In a recent post titled Do Americans really think Congress should establish English as the national language? Red Alert posed several questions about the value of Congress establishing English as the United States’ official language. The questions were raised after a new Rasmussen poll revealed that support for “comprehensive immigration reform” increases among Republicans and decreases among Democrats if a provision is included to make English the official language.
Allow me to provide answers.
Official English does not mean “English-only.” That is an opposition phrase intended to falsely paint the issue as a tool to eradicate all foreign-language speaking in the U.S. Rather, establishing an official English law would mean that for the federal government to act in its official capacity (or with legal authority), it must communicate in English. It means that the language of record would be the English language and that no one has a right to demand taxpayer funded translation services, documents, websites, answering services, etc. in any other language.
It also means that the government would use the official language alone unless there is a compelling public interest not to. For instance, DHS printing fliers and running radio ads in various languages to inform the public how to prepare for a nuclear attack? Yes, that is a compelling public interest. Wanting to apply for food stamps with the USDA in Turkish or French? That’s an individual interest and would be disallowed under an official English law.
The legislation that my organization, ProEnglish, supports in Congress—Rep. Steve King’s English Language Unity Act (H.R. 997)—limits translations to seven explicit areas that pose a compelling public interest, such as public safety and the teaching and funding of foreign languages in schools.
Currently, the government operates under a de facto unofficial multilingual mandate known as President Bill Clinton’s Executive Order 13166. This executive order requires every federal agency and every recipient of any federal funds, such as hospitals and doctors offices, to provide translation services, interpreters, and documents in any foreign language requested. There is no federal money set aside to help entities provide these services. In 2002, OMB reported that the cost of government translations likely exceeded $2 billion a year, and that figure didn’t even take into account the implementation of EO 13166. Even worse, the federal government is now twice as large as it was in 2002. Canada spends $2.4 billion a year on translation services into just two languages. Over 300 languages are spoken in the U.S. and we have 10 times the population of Canada—you do the math.
Multilingual government, quite simply, does not encourage immigrants to learn English. On the surface, it may seem like the compassionate thing to do, but removing incentives to achieve English fluency only harms immigrants. Census data prove that those who speak English earn, on average, two to three times as much as those who don’t.
In fact, the significance of unifying behind one national language is so profound that studies have shown that whether or not an immigrant can speak English dictates whether or not they self-identify as an American.
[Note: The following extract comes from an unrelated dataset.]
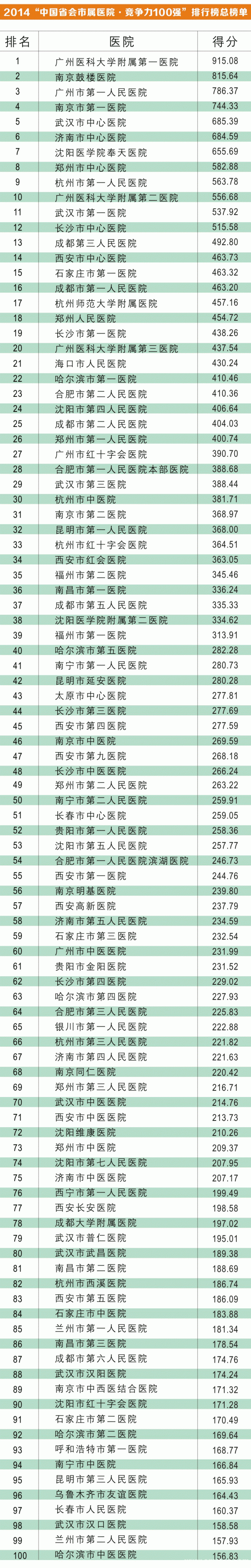 2015年3月28日晚上,在广州中国大酒店举行的“2015中国医院竞争力论坛”上,香港艾力彼医院管理研究中心发布了“2014中国省会市属医院竞争力100强”名单,广州医科大学附属第一医院、南京鼓楼医院、广州市第一人民医院、南京市第一医院和武汉市中心医院名列榜单的前五位。

One study found that immigrants who can speak English are 22 times more likely to refer to themselves as Americans, rather than an Italian, or a Colombian, or a Russian.
Officially multilingual nations, such as Belgium and Canada, suffer from a multitude of cultural conflicts, including the government’s practice of reverse discrimination against those who don’t speak all official languages. In Canada, if you don’t speak English and French, forget about getting a job with the provincial government—even if you live outside of Quebec where no one speaks French!
In other words, if you support a low-tax, limited scope government with fewer onerous mandates, an official English law is consistent with your ideology. As libertarian author and icon Ayn Rand stated so directly in her 1971 work The New Left: The Anti-Industrial Revolution, “A country has to have only one official language, if men are to understand one another.”
So yes, there is a reason why close to two-thirds of the states have adopted official English laws—it’s because the American people really do want Congress to preserve and protect our common tongue, English, by codifying it into law.